▶ _INPUT DATA_:
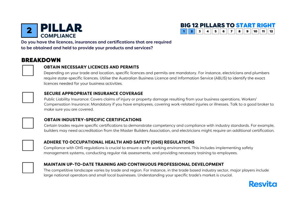 Start by reviewing your compliance setup and identifying your biggest risk areas. If you want a clearer structure, explore the Resvita frameworks designed to help tradies build strong, scalable businesses—without the chaos.
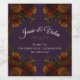 These elegant style wedding invitations have a rich and beautiful purple background with rustic orange autumn botanicals, flowers and leaves on the corners. They are perfect for an autumn style event in the fall with deep purple and rich dark colours.
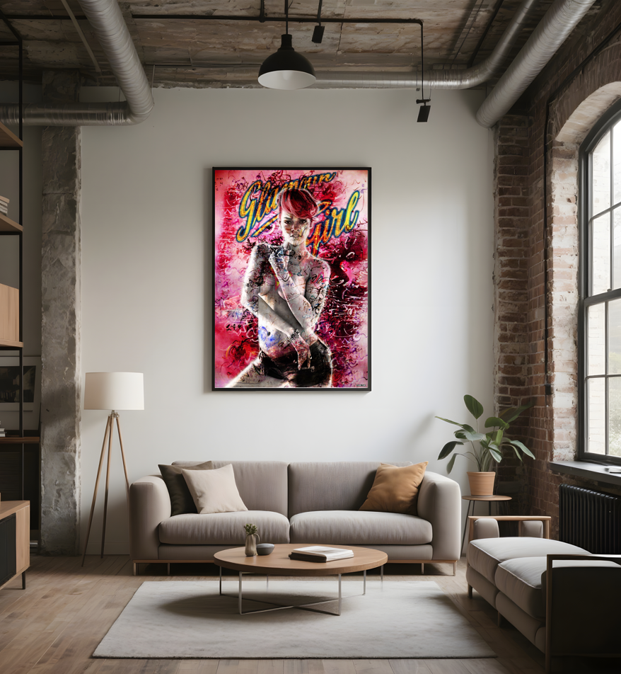 Glamour Girl – Rihanna Unfiltered is a provocative blend of vulnerability and power, rendered in hyper-saturated pinks and neon graffiti calligraphy. Rihanna stands topless, partially veiled by waves of scrawled script and urban motifs—an icon reclaimed and remixed, straddling the boundaries between celebrity, femininity, and rebellion.

▶ _ACTION ITEM_: When you restate the listing above, give each line word for word but leave out every image.

▶ _TASK RESPONSE_:
 Start by reviewing your compliance setup and identifying your biggest risk areas. If you want a clearer structure, explore the Resvita frameworks designed to help tradies build strong, scalable businesses—without the chaos.
 These elegant style wedding invitations have a rich and beautiful purple background with rustic orange autumn botanicals, flowers and leaves on the corners. They are perfect for an autumn style event in the fall with deep purple and rich dark colours.
 Glamour Girl – Rihanna Unfiltered is a provocative blend of vulnerability and power, rendered in hyper-saturated pinks and neon graffiti calligraphy. Rihanna stands topless, partially veiled by waves of scrawled script and urban motifs—an icon reclaimed and remixed, straddling the boundaries between celebrity, femininity, and rebellion.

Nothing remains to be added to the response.